8 is formed. A compression disc valve 19 is provided on the lower surface of the compression control ring 17 so as to close the passage 18, and a base member 14 is provided on the opposite surface of the compression disc valve 19 from the compression control ring 17. When the retraction-side control ring I7 is lowered, the outer circumferential side of the retraction-side disc valve 19 is bent using the protrusion 14a as a fulcrum, and the inner circumferential side is further pushed against the valve seat 14c. There will be strong contact.

In addition, a contraction side orifice 14b consisting of a notch that communicates the inside of the inner cylinder 1 with the inner and outer cylinders 13 is formed in the protrusion 14a of the base member 14 that comes into contact with the contraction side disc valve 19.

There is an appropriate free length between the piston 5 in the lower chamber 7 and the base member 14, with one end capable of contacting the extension side control ring 12 and the other end capable of contacting the extension side control ring 17. A spring 20 having a diameter is interposed.

The operation of the hydraulic shock absorber having the above configuration will be explained.

First, in the low-speed operating range of the piston 5 during the extension stroke under normal vehicle height conditions, the pressure of the oil in the upper chamber 6 is higher than the pressure of the oil in the lower chamber 7, and the pressure difference causes the oil to flow.

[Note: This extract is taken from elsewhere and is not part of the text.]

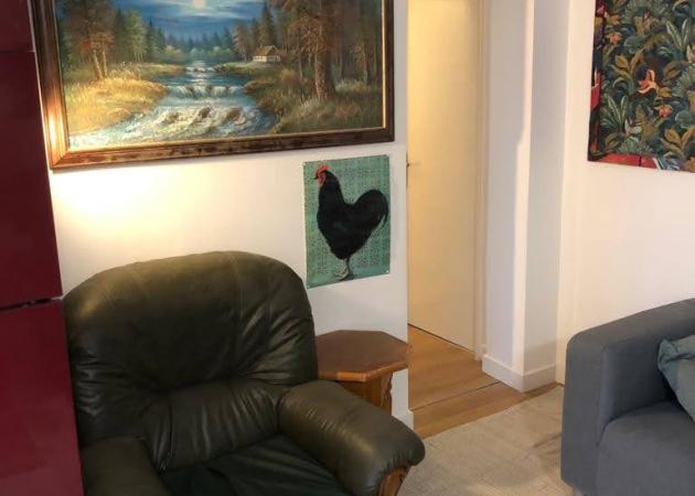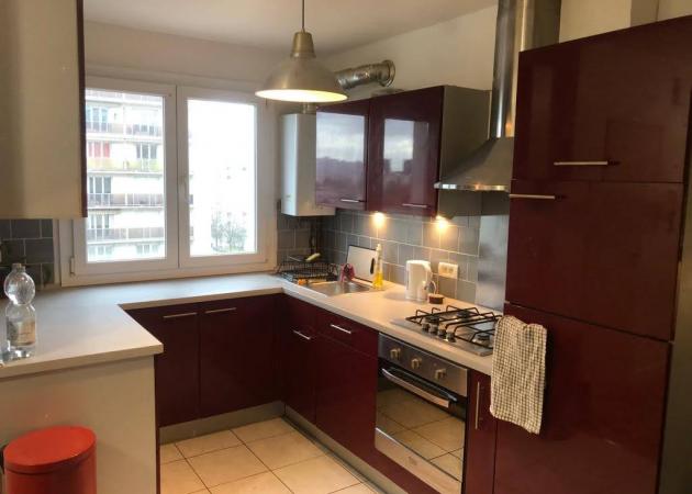 L'appart est fraîchement refait avec une grande cuisine ouverte/ salon et des toilettes séparées de la salle d'eau. Il est entièrement équipé (plaques de cuisson gaz, frigo, lave-vaisselle, lave-linge, box, bouilloire, couverts...). Il dispose d'une cave, d'un balcon et d'arceaux vélo devant l'entrée de l'immeuble. La résidence est calme et il y a un grand espace vert au pied de l'immeuble. Badge parking possible en supplément.

The flow is controlled by the extension side orifice 5a and a damping force is generated. In addition, in the high-speed operation range of the piston 5,
Extension side disc valve 10 provided on the piston 5
is bent to control the flow of oil in the passage 8 and generate a damping force. Note that during the extension stroke, the oil in the inner cylinder 1 is insufficient by the volume of the piston rod 3 coming out of the inner cylinder 1, but the check valve 16 provided on the base member 14
is opened and the oil inside the inner and outer cylinders 13 is replenished.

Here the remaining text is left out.